It's well-documented that Historically Black colleges and universities, tribal colleges and universities and other minority-serving institutions have long been underfunded.
President Joe Biden, as a candidate, pledged to address the financial shortcomings these institutions face and make education more affordable for their students. Experts told PolitiFact that Biden made notable strides toward this goal, although his promise is far from fulfilled.
"I can see the progress that he makes on a daily basis. I just can't see as much of the progress from Congress," said Lodriguez Murray, the United Negro College Fund's vice president of public policy and government affairs. "They have more to do in terms of making sure that the century and a half of underfunding of historically Black colleges and universities get alleviated to the point where those students, from an affordability standpoint, are made whole."
The American Rescue Plan that Biden signed into law in 2021 provided more than $2.6 billion to historically Black colleges and universities, about $190 million to tribal colleges and universities and more than $6 billion to minority-serving institutions, according to the U.S. Department of Education.
These institutions directed some of those federal funds toward economic relief for their students and toward programs to cancel student debt accumulated during the COVID-19 pandemic.
In 2021, the Department of Education also provided more than $1.6 billion in debt relief to historically Black colleges and universities participating in the HBCU Capital Financing program and $500 million in grant funding to minority-serving institutions.
Biden's promise to raise the maximum value of the Pell Grant also increased the affordability of historically Black colleges and universities, said Jared Bass, senior director of higher education policy at the Center for American Progress, a left-leaning public policy think tank.
In 2022, Biden enacted the largest Pell Grant increase in over a decade. According to the United Negro College Fund, about 70% of students attending historically Black colleges and universities are Pell Grant-eligible.
Bass told PolitiFact that increased federal funding to historically Black colleges and universities and other minority-serving institutions can offset revenue shortcomings that otherwise might have been passed on to their students through tuition increases.

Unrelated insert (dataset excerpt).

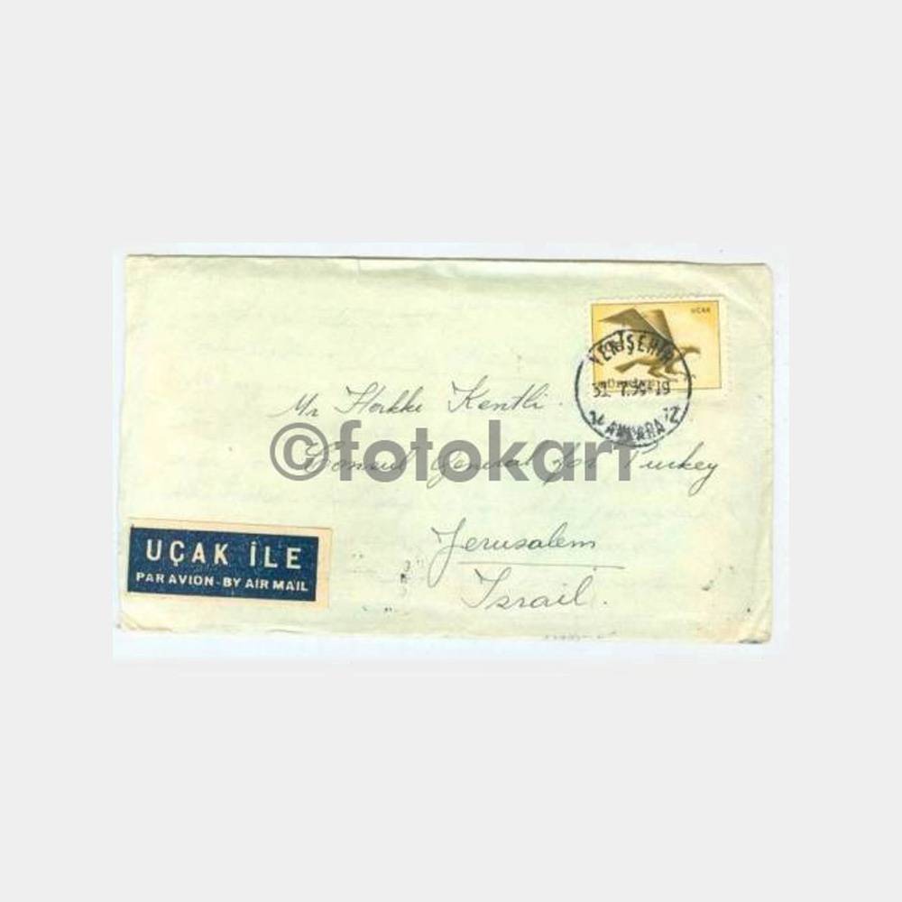 Yenişehir-Ankara posta damgası 31. 7. 1959 tarihli arkasında Kudüs varış damgası var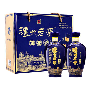 泸州老窖 蓝花瓷 头曲 52度 浓香型 白酒 双瓶礼盒升级版 整箱装 (500ml*2)*3盒

But some of Biden's other proposals to invest in minority-serving institutions have been less successful. For example, a version of the 2022 Inflation Reduction Act initially included tuition assistance and grants for historically Black colleges and universities and minority-serving institutions.
But, the bill's final version did not include any of those proposed investments.
"I would give President Biden an A in terms of making sure that historically Black colleges and universities are included in his legislative proposals," said Murray. "Congress doesn't get the same grade for making sure the money makes it through the federal appropriations process."
We'll continue to monitor Biden's promise to make minority-serving institutions more affordable. So far, we rate this pledge In the Works.